169545.325: [GC [1 CMS-initial-mark: 2141069K(2578880K)] 2166025K(2617216K), 0.0530140 secs] [Times: user=0.05 sys=0.00, real=0.06 secs] 169545.379: [CMS-concurrent-mark-start] 169558.635: [CMS-concurrent-mark: 10.407/13.256 secs] [Times: user=7.58 sys=0.53, real=13.25 secs] 169558.635: [CMS-concurrent-preclean-start] 169558.684: [CMS-concurrent-preclean: 0.048/0.048 secs] [Times: user=0.01 sys=0.00, real=0.05 secs] 169558.684: [CMS-concurrent-abortable-preclean-start] 169560.544: [GC 169560.544: [ParNew169560.605: [CMS-concurrent-abortable-preclean: 0.210/1.921 secs] [Times: user=0.93 sys=0.05, real=1.92 secs] 169560.846: [GC[YG occupancy: 1906 K (38336 K)]169560.846: [Rescan (parallel) , 0.0046910 secs]169560.851: [weak refs processing, 0.0000990 secs] [1 CMS-remark: 2350428K(2578880K)] 2352335K(2617216K), 0.0048570 secs] [Times: user=0.01 sys=0.00, real=0.01 secs] 169560.853: [CMS-concurrent-sweep-start] 169568.204: [CMS-concurrent-sweep: 7.351/7.351 secs] [Times: user=0.91 sys=0.09, real=7.34 secs] 169568.204: [CMS-concurrent-reset-start] 169568.211: [CMS-concurrent-reset: 0.007/0.007 secs] [Times: user=0.01 sys=0.00, real=0.01 secs]

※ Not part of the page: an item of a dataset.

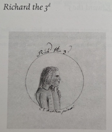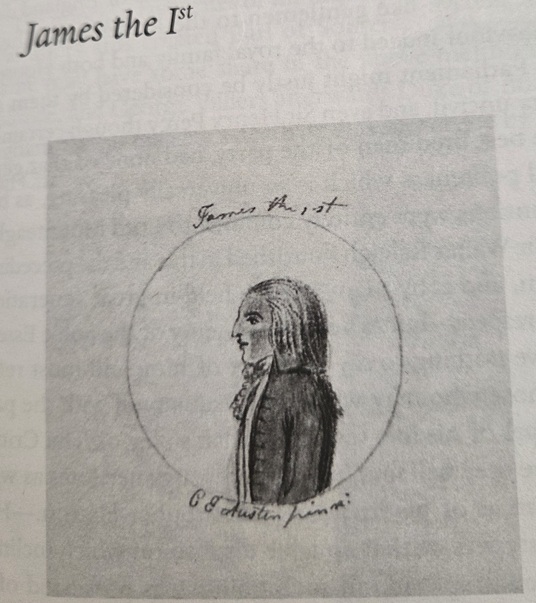 One of the most intriguing things about this book, is that Jane’s sister Cassandra did the drawings of the English Kings and Queens. They are also hilarious, reprinted below for your enjoyment …

This one shows no problems
252247.318: [GC [1 CMS-initial-mark: 2069401K(2578880K)] 2075094K(2617216K), 1.5311840 secs] [Times: user=0.01 sys=0.00, real=1.53 secs] 252248.849: [CMS-concurrent-mark-start] 252350.336: [GC 252350.336: [ParNew: 20984K->4222K(38336K), 12.2251190 secs]252362.561: [CMS252520.780: [CMS-concurrent-mark: 161.376/271.922 secs] [Times: user=12.56 sys=1.72, real=271.89 secs] (concurrent mode failure): 2232372K->1061586K(2578880K), 407.2310250 secs] 2240205K->1061586K(2617216K), [CMS Perm : 97525K->97381K(160480K)], 419.4586450 secs] [Times: user=4.23 sys=2.99, real=419.39 secs]
And then another whopper "Times: user=4.23 sys=2.99, real=419.39 secs". CPU time is minor "user=4.23 sys=2.99" but overall time is "419.39". What could cause the VM to hang for so long?? 2.5g should ideally be collected in a STW collection under 10secs!!
Im going to lower the threshold CMSInitiatingOccupancyFraction but i dont think with a collections time like that it is going to help!! Some collections run smooth and some dont but like i said, its the timing that has me worried when a full stop the world happens.
I have read https://blogs.oracle.com/jonthecollector/entry/what_the_heck_s_a
And we are using jdk6.
Anybody ever experience something similar before?